Ok, è vero: l’accordo di Parigi è stato a suo tempo un risultato significativo, una bella dichiarazione di intenti, ed in assenza della COP non ci sarebbero altri luoghi di confronto in cui si possa discutere su un piano globale di ambiente ed emissioni climalteranti, però…
Abbiamo già rilevato l’anno scorso in questo post l’inconsistenza dei risultati raggiunti da queste COP: la CO2 in atmosfera (alla cui riduzione le COP sono prioritariamente vocate) è cresciuta inesorabilmente negli ultimi decenni, oltretutto con ratei di incremento crescenti nel tempo (tranne nel solo anno “covid”). Dopo 28 anni che un organismo fallisce nella sua mission principale continuare ad investirci non è solo uno spreco in termini di risorse e fiducia, ma un'attitudine diabolica e un danno, poiché si ostacola la ricerca di altri strumenti, magari più efficaci, in un contesto in cui il tempo a disposizione per evitare impatti sempre più rilevanti è sempre meno (non a caso il simbolo del movimento ambientalista XR è la clessidra).
In questa edizione, il Presidente della Conferenza Sultan Al Jaber, (sorvolando per mancanza di parole sul fatto che a presiedere la COP sia il CEO della più importante azienda petrolifera degli Emirati e sulla sua dichiarazione alla fine della COP: “non esiste evidenza che l'eliminazione dei combustibili fossili impedisca di superare i +1,5 °C”), aveva dichiarato:
“Voglio che questa COP sia la COP che massimizza lo slancio verso la mitigazione, sono determinato a dimostrare che questa COP è una COP diversa, ci concentriamo sul mantenere 1,5 C° entro la nostra portata e sul raggiungimento della massima, più alta ed ambiziosa risposta”.

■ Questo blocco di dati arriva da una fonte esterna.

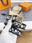 LV Bloom 30mm Belt Gold Buckle Black White Leather
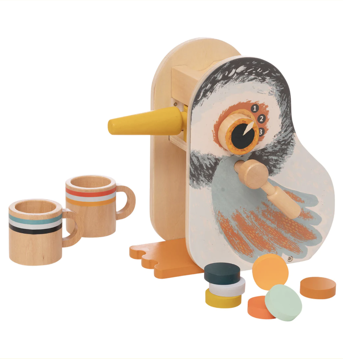 Rise and shine with the Early Bird Espresso wood toy play set. This 11 piece wood toy set includes one bird-shaped espresso maker, one portafilter, two cups and seven colorful espresso chips that fit inside portafilter and cups. Features two knobs/dials that click with every turn and a steam nozzle that swivels. Encourages imaginative role-play and motor development.

Ora l’unico risultato pare essere la messa in cantiere del Fondo per riparare i danni ambientali dei Paesi più poveri (e più colpiti). Al di là della discussione sulla adeguatezza delle risorse stanziate, vale la pena notare che: 1. comunque si sceglie la riparazione alla prevenzione del danno (la riparazione fa girare l’economia, la prevenzione la soffoca), corollario di questo assunto è che: 2. Il Fondo in questione sarà gestito dalla Banca mondiale, per cui presumibilmente le risorse stanziate torneranno in larga misura ai Paesi “benefattori”, le cui aziende saranno chiamate a realizzare gli interventi di ripristino resi necessari.
Probabilmente (quasi certamente, purtroppo…), l’anno prossimo scriveremo più o meno le stesse cose. Ma magari no, possiamo ottimisticamente sperare che si smetterà con questa consolidata e vana pratica delle COP per cercare un percorso più serio, più responsabile.
I numeri: si parla di 70.000 delegati di 198 Paesi del mondo. Lo scorso anno a Sharm El Sheik i delegati dichiarati erano 30.000: un evento quindi che, nonostante l’insipienza, aumenta di popolarità…
Mantenendo l’ipotesi di 5000 km di distanza media della trasferta di ciascuno delegato, la COP 28 rilascia, per il solo traffico aereo indotto, circa 26 mila tonnellate di CO2 in atmosfera (erano 11.000 lo scorso anno). E abbiamo utilizzato i dati del traffico aereo di linea, ignorando la realtà dei 315 Jet privati che sono arrivati a Dubai in questi giorni.